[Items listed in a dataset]
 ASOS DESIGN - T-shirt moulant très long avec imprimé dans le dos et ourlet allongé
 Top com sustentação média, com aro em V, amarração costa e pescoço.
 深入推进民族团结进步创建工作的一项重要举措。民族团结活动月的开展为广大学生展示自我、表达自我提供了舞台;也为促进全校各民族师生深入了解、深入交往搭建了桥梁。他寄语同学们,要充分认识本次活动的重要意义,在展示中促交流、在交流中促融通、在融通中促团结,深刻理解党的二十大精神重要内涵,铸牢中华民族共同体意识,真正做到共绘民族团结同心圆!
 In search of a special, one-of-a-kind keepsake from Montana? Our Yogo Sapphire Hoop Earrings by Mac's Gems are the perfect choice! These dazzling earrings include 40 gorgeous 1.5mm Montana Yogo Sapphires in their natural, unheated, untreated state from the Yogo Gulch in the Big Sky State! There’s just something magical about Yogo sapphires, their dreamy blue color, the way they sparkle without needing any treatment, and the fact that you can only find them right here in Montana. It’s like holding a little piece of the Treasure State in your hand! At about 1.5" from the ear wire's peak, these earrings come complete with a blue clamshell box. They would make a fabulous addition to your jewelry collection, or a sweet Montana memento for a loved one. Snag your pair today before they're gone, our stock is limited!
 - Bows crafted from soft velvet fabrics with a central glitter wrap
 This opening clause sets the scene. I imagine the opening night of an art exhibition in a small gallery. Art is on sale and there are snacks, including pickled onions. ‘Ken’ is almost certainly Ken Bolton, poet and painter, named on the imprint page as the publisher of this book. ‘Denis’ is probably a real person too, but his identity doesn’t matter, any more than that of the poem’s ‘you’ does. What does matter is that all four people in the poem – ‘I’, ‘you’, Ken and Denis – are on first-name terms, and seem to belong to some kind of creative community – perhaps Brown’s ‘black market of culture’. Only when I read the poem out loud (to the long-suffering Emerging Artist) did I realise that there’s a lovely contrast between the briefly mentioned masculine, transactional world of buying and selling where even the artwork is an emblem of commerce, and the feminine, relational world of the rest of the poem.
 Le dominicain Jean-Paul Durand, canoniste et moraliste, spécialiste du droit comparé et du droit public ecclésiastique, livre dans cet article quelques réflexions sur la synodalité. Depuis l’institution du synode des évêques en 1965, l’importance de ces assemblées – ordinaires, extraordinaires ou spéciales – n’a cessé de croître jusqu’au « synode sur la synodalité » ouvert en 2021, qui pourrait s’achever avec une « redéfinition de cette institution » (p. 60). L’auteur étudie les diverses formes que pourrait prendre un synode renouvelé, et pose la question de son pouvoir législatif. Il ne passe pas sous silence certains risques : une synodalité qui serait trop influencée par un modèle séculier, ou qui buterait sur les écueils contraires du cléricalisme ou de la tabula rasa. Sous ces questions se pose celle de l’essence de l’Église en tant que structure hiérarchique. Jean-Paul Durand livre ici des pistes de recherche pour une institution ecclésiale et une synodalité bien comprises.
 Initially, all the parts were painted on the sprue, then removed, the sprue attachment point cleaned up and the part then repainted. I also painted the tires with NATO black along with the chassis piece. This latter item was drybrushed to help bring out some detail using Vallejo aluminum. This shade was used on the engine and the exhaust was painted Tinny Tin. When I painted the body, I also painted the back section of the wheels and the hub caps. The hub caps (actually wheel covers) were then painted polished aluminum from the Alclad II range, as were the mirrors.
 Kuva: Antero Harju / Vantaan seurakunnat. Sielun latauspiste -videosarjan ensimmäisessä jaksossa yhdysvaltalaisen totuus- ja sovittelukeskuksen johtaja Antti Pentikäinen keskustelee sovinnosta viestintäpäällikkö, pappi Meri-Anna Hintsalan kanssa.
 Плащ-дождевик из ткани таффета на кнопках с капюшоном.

---

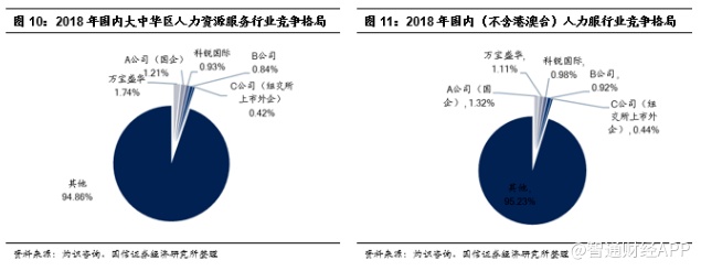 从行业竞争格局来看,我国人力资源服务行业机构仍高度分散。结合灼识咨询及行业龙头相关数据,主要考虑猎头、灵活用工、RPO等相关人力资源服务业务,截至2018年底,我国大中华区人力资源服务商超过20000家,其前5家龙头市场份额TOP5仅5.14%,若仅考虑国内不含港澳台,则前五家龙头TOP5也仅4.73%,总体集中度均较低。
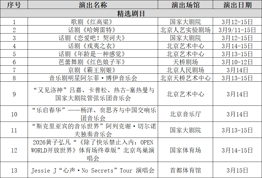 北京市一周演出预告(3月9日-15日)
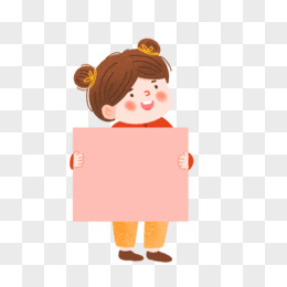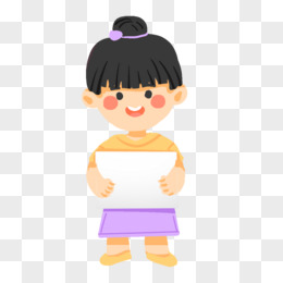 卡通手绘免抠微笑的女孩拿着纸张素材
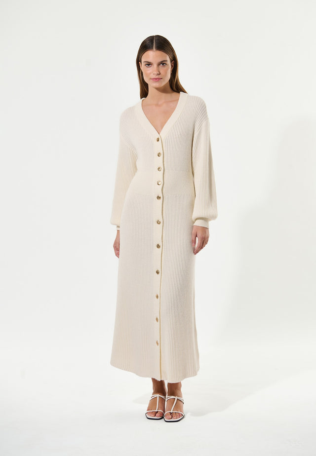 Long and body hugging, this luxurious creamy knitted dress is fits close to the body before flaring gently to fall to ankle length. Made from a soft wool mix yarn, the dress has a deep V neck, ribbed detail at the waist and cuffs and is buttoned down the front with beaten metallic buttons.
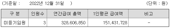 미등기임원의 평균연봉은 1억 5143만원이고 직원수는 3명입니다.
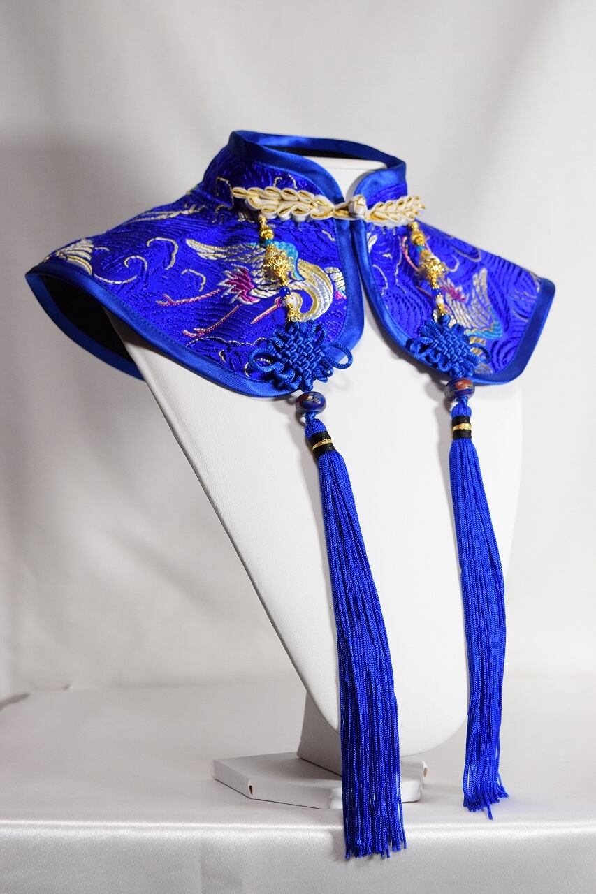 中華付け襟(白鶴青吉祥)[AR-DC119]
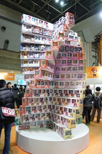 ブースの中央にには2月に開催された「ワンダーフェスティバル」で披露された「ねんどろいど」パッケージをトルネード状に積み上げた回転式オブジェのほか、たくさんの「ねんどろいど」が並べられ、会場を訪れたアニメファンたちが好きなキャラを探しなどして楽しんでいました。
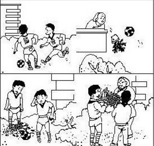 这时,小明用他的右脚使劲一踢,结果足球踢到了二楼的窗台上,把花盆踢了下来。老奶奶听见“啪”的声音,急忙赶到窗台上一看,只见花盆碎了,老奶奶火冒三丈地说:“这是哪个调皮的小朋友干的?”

# Work task
Drop the pictures; return the lines above from the line containing "卡通手绘免抠微笑的女孩拿着纸张素材" to the line containing "这时,小明用他的右脚使劲一踢", both included, exactly.

# Answer area
 卡通手绘免抠微笑的女孩拿着纸张素材
 Long and body hugging, this luxurious creamy knitted dress is fits close to the body before flaring gently to fall to ankle length. Made from a soft wool mix yarn, the dress has a deep V neck, ribbed detail at the waist and cuffs and is buttoned down the front with beaten metallic buttons.
 미등기임원의 평균연봉은 1억 5143만원이고 직원수는 3명입니다.
 中華付け襟(白鶴青吉祥)[AR-DC119]
 ブースの中央にには2月に開催された「ワンダーフェスティバル」で披露された「ねんどろいど」パッケージをトルネード状に積み上げた回転式オブジェのほか、たくさんの「ねんどろいど」が並べられ、会場を訪れたアニメファンたちが好きなキャラを探しなどして楽しんでいました。
 这时,小明用他的右脚使劲一踢,结果足球踢到了二楼的窗台上,把花盆踢了下来。老奶奶听见“啪”的声音,急忙赶到窗台上一看,只见花盆碎了,老奶奶火冒三丈地说:“这是哪个调皮的小朋友干的?”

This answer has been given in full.